Segment Start: Provided data

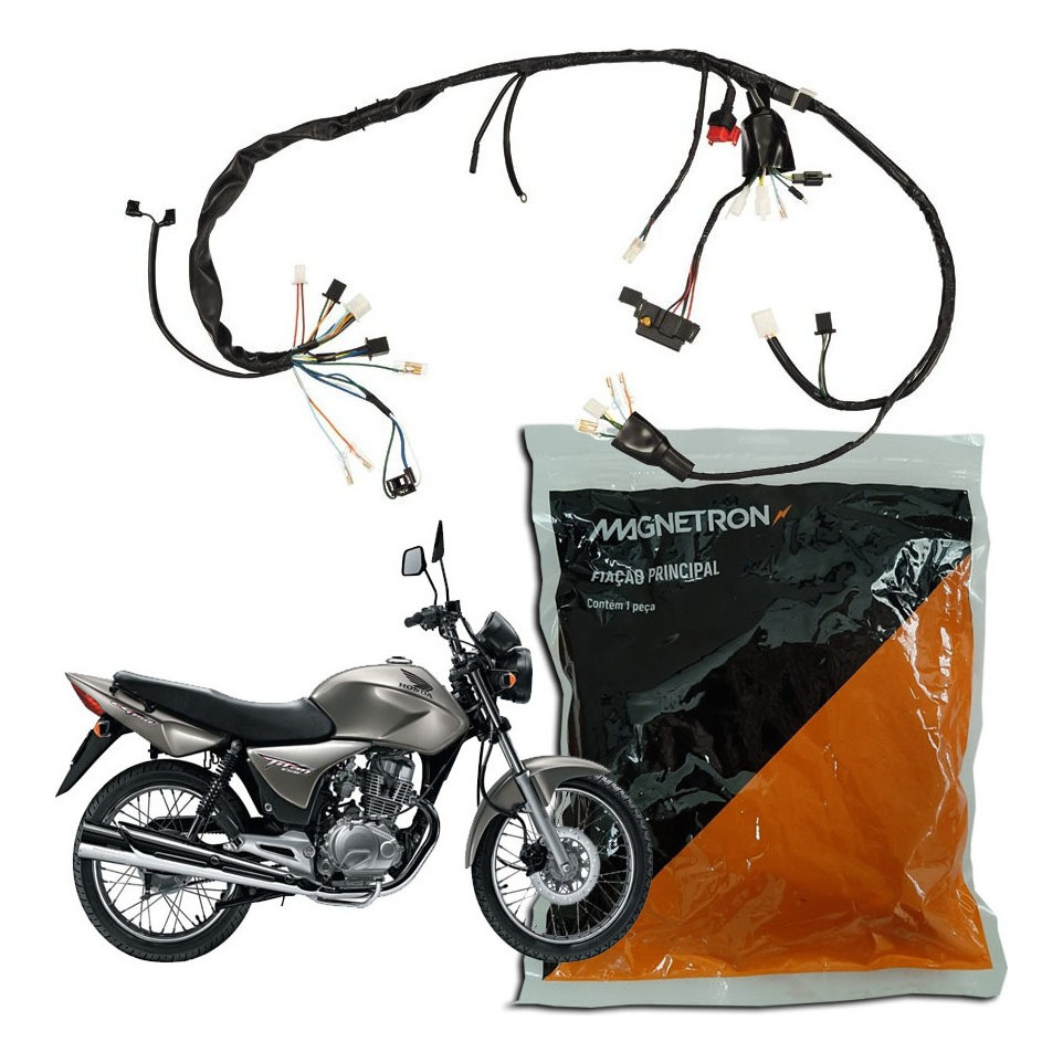 Chicote Fiação Principal Titan 150 Es/Esd 04 A 08 Magnetron Desde 1960 a MAGNETRON desenvolve, industrializa e comercializa componentes elétricos e mecânicos para motocicletas e sistemas de ignição para motores a combustão destinados ao mercado de reposição e montadoras com o compromisso de assegurar permanentemente a qualidade dos produtos. Os produtos MAGNETRON são projetados por engenheiros especializados; Matéria prima de alta qualidade; Garantia de produtos confiáveis e que evitam manutenções constantes. INFORMAÇÂO: * ES - Motos que possuam apenas partida elétrica * ESD - Motos que possuam partida elétrica e freio a disco REFERENCIA: 90285210 (CÓD. 32100-KRM-850) Aplicação: - Honda CG Titan 150 ES 2004 até 2008; - Honda Cg Titan 150 ESD 2004 até 2008. Marca: Magnetron GARANTIA: 3 Meses Obs: Recomendamos a instalação por um profissional qualificado. A garantia do produto é válida apenas para defeito de fabricação, desgaste natural e mau uso não são válidos para a garantia.
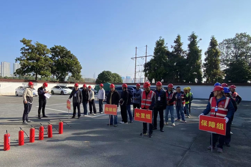 随后,在专家的指导下,现场开展了疏散逃生、灭火器使用、应急救援等实操演练。模拟工地现场发现“火情”后,安全员立即启动火灾应急预案,救援组迅速组织人员疏散和伤员救助,处置组根据火灾类型组织灭火,保障组及时提供灭火器材、担架、急救箱等救援物资,并负责通讯联络。整个演练紧张有序,达到了全员参与、全员了解、全员掌握的预期效果,有效提升了应对火灾的应急处置能力。
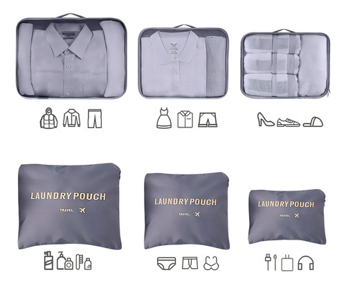 📝 Producto: Set De 6 Bolsa Organizadora De Equipaje De Viaje Gris

Segment End: Provided data

**Your objective**
Only what runs from the line with "随后,在专家的指导下,现场开" through the last line of the listing above belongs in the answer, set down exactly and free of pictures.

**Output below**
 随后,在专家的指导下,现场开展了疏散逃生、灭火器使用、应急救援等实操演练。模拟工地现场发现“火情”后,安全员立即启动火灾应急预案,救援组迅速组织人员疏散和伤员救助,处置组根据火灾类型组织灭火,保障组及时提供灭火器材、担架、急救箱等救援物资,并负责通讯联络。整个演练紧张有序,达到了全员参与、全员了解、全员掌握的预期效果,有效提升了应对火灾的应急处置能力。
 📝 Producto: Set De 6 Bolsa Organizadora De Equipaje De Viaje Gris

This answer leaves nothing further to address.